Each couple has their history and an exact and correct formula cannot be given to this question since each couple is very different. Anyway, the question "can you avoid a divorce?" is itself a sign of a problem: consider that under certain conditions one member of the couple may be able to decide for the other person.

What it is about is to make a good balance of the needs and objectives that the other person may have, and apply self-criticism to see at what points it is oneself who is favoring the appearance of conflicts. And, if the other person wants a divorce, respect their decision. Divorce becomes an ordeal when one of the two parties does not want to accept it, and refuses to step aside from the relationship.

What to do if you file for divorce at maturity?

Yes, divorce is a very difficult stage, but the attitude we take towards it will be essential to not transform this crisis into something greater. The goal should be go through the divorce peacefully and with appropriate self-regulation of emotions.

When someone goes through a divorce, it will always be necessary for very trustworthy people to be in those moments, people who serve as emotional support and that due to their history of experiences and affective ties towards the person are very suitable for listening and attending to the person who goes through this stage painful The empathy plays an important role.

For it, it is good to let them know that their support is needed (if needed) so that they can act accordingly by being informed: some people may assume that their attempts at outreach and comfort may be poorly received.

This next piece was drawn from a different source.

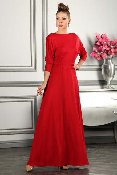 Фото товара 9567, красное вечернее платье в пол с длинными рукавами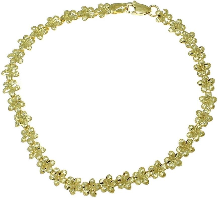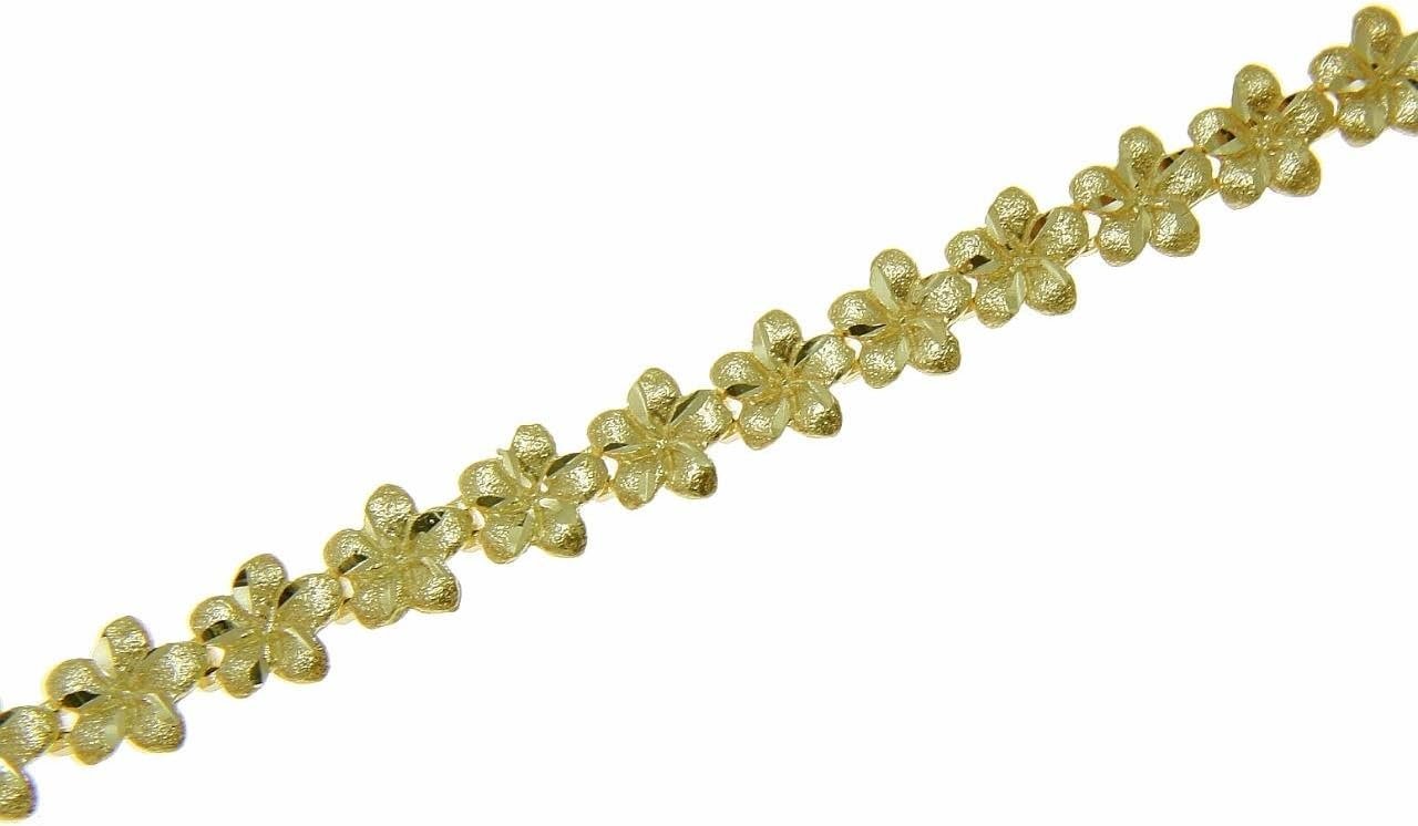 14K solid yellow gold Hawaiian plumeria flower anklet 5.5mm 10" quantity

However, in some cases staying calm will sometimes be impossible. When the situation becomes unsustainable it is better seek professional help.

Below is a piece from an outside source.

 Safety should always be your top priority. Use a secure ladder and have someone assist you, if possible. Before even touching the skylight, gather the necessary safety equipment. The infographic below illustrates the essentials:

Once the divorce process is finished, it is advisable to carry out sports activities if, in the case of the person, they can do so, or rdo some activity that breaks the routine and is enjoyable. It is also useful work to improve self-esteem, which has possibly been compromised during the divorce.

Bibliographic references:

  • Graig, G. J. and Baucum, D. (1999): Psychological development. Mexico D.F: Pearson.
  • Berger, K. S. (2008): Developmental Psychology: Adult and Old Age. Madrid: Editorial Panamericana.
  • Horse, V. (2010): Therapy and Behavior Modification. Faculty of Psychological Sciences University of Guayaquil.